* **WHAT THE EXERCISE ASKS**:
The answer should be the exact lines from the line containing "- On the Dispatching" through the last line of the material below, with no pictures.

* **DATASET EXTRACT**:

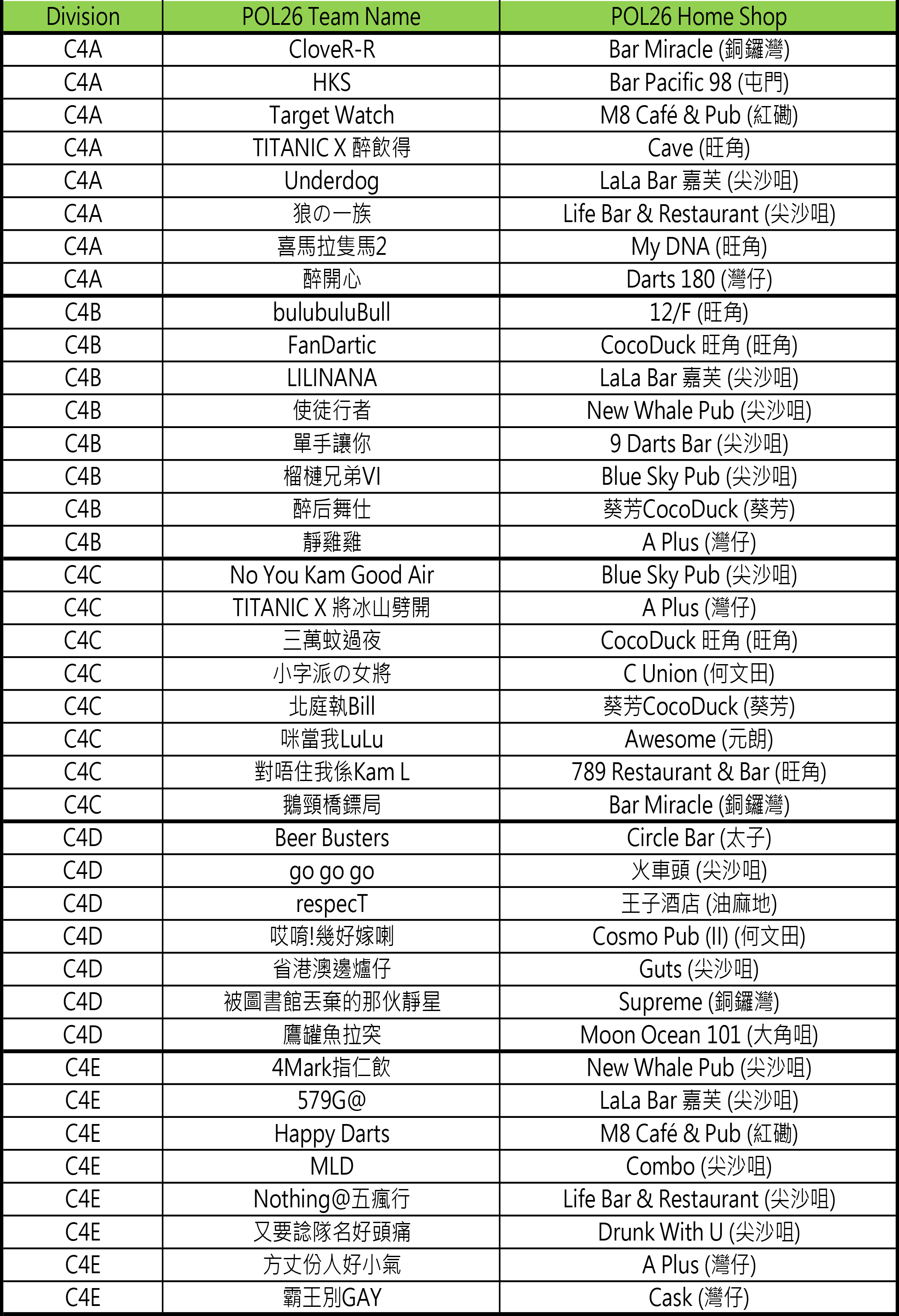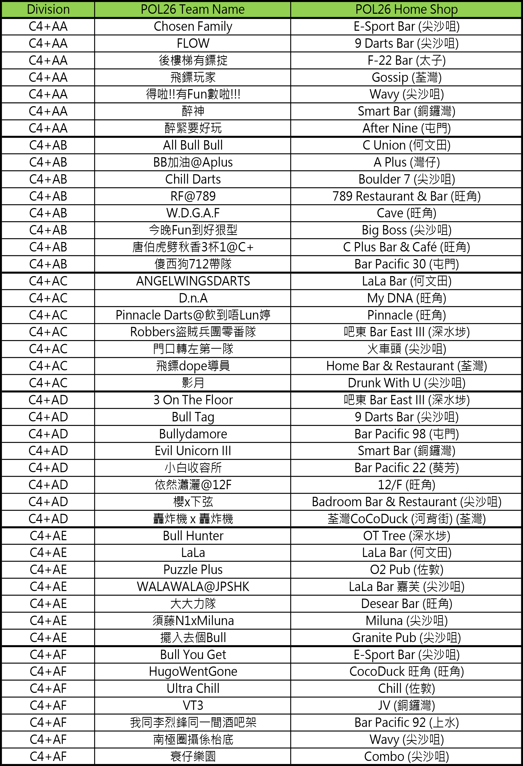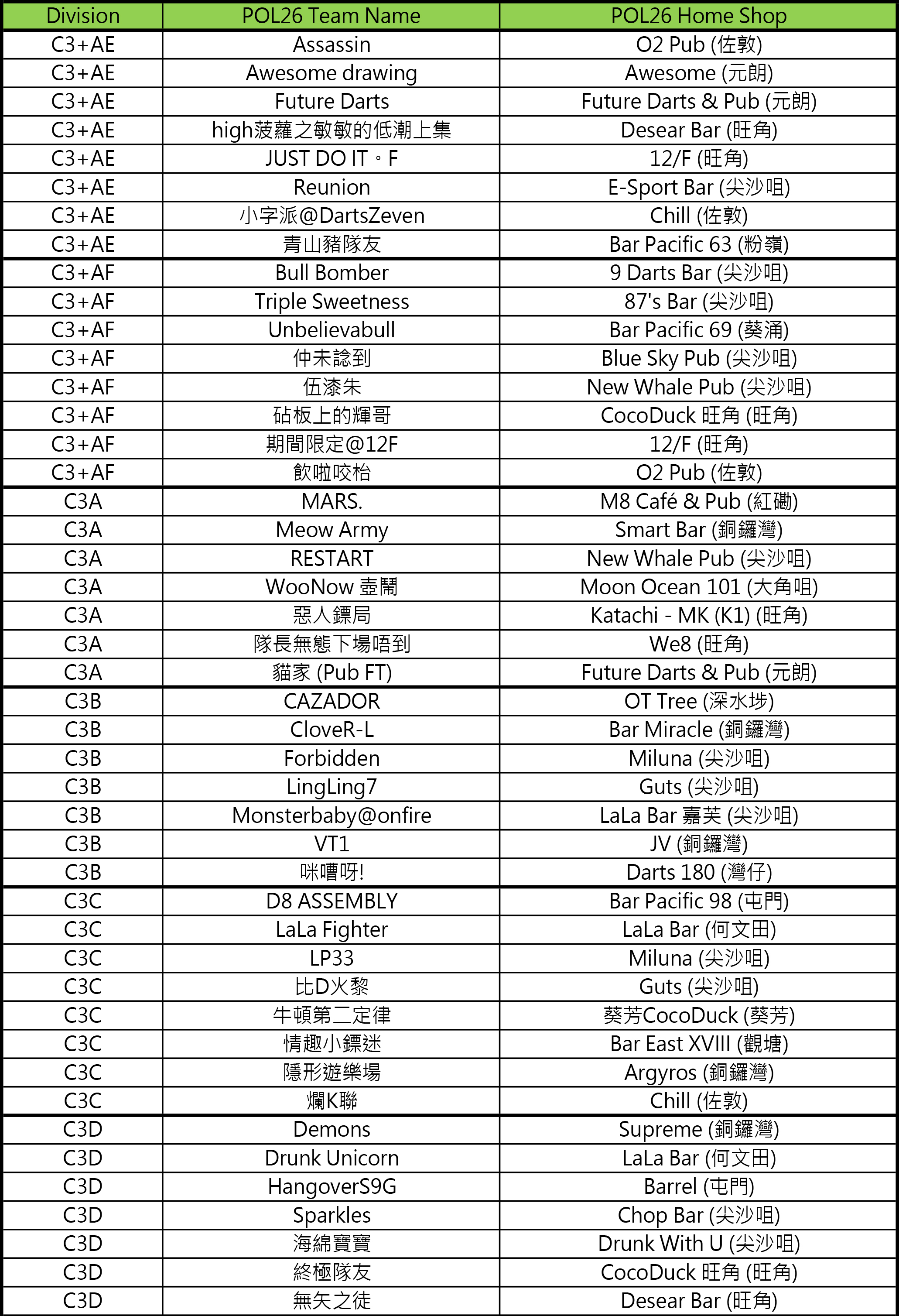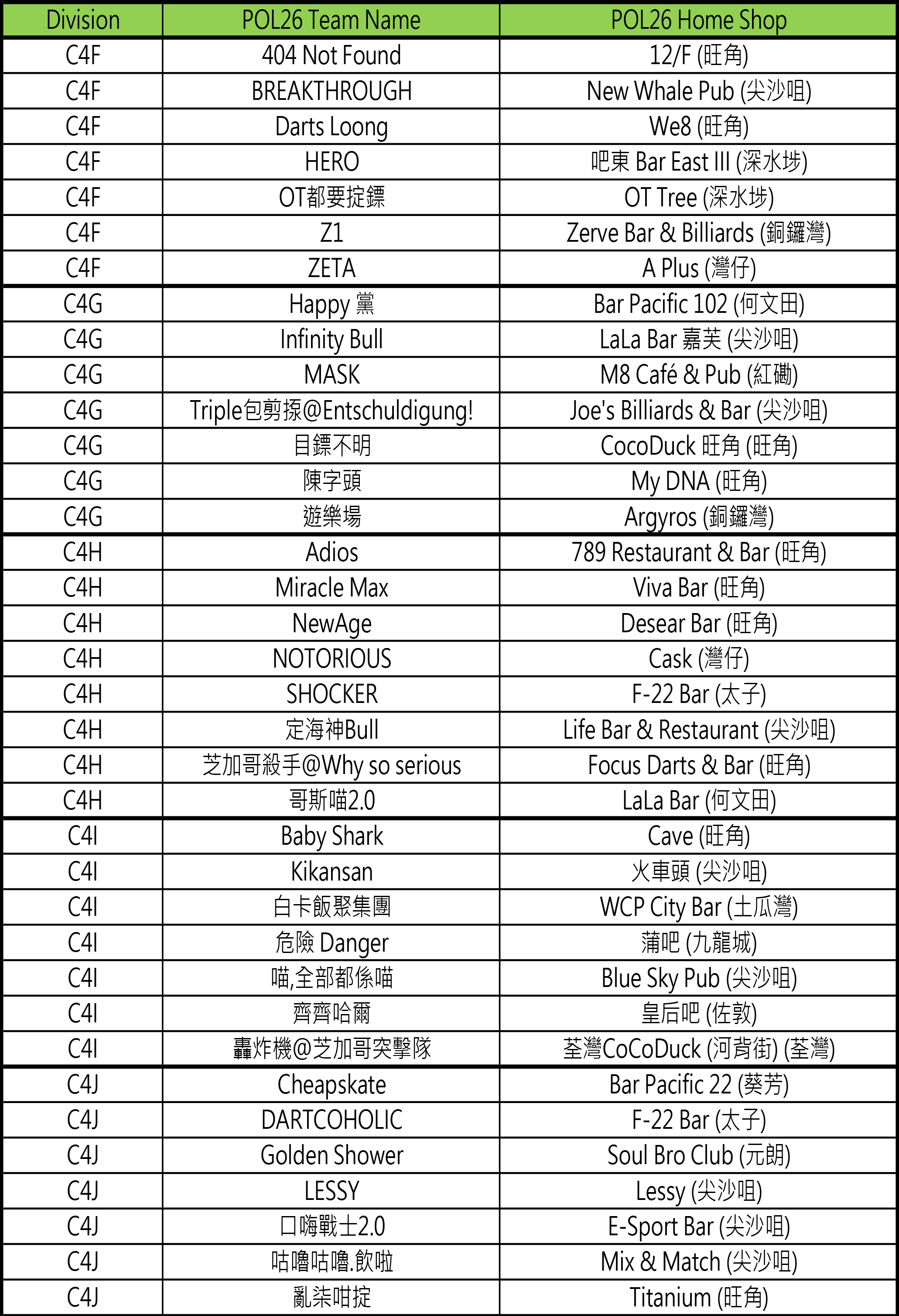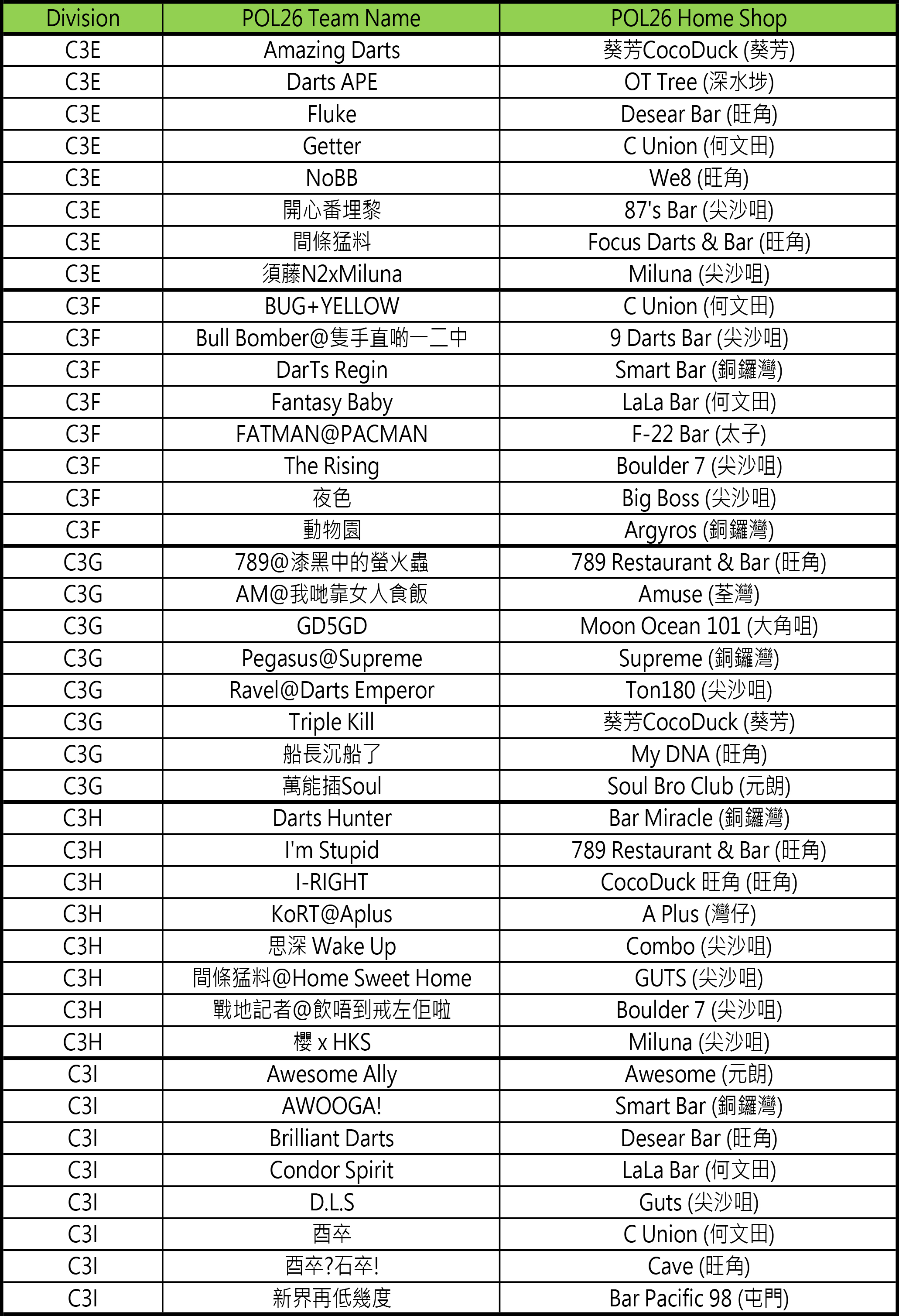 - [比賽] Carlsberg Phoenix Official League 26 隊伍分組抽籤結果及賽程公佈
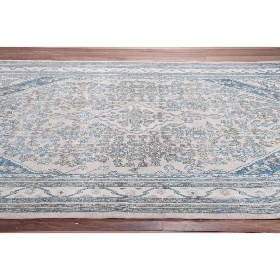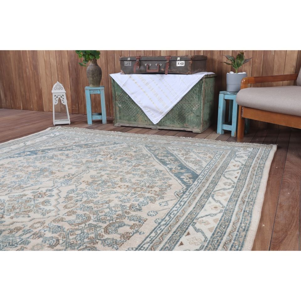 Vintage 6.7x9.5 ft Rug, Rug Turkish Rug, Beige Geometric Rug Wool
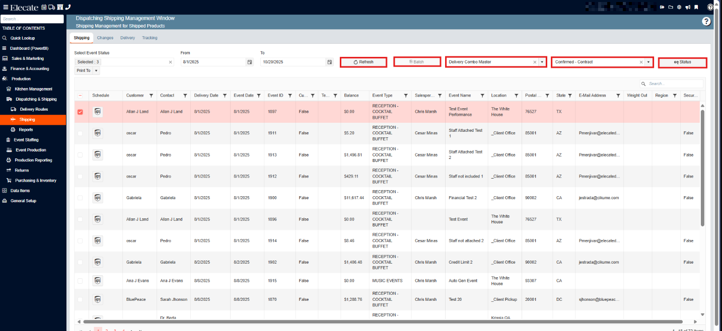 - On the Dispatching Shipping Management Window.
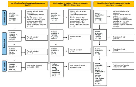The literature reviews returned 155 articles documenting the ES provided by seagrass ecosystems globally, with 29 articles relating to seagrass-derived ES in SEA; of these 29 articles, five were in addition to the initial 155. Furthermore, the literature review on the impacts of MPP returned 48 additional articles (Figure 2).

* **TASK SOLUTION**:
 - On the Dispatching Shipping Management Window.
The literature reviews returned 155 articles documenting the ES provided by seagrass ecosystems globally, with 29 articles relating to seagrass-derived ES in SEA; of these 29 articles, five were in addition to the initial 155. Furthermore, the literature review on the impacts of MPP returned 48 additional articles (Figure 2).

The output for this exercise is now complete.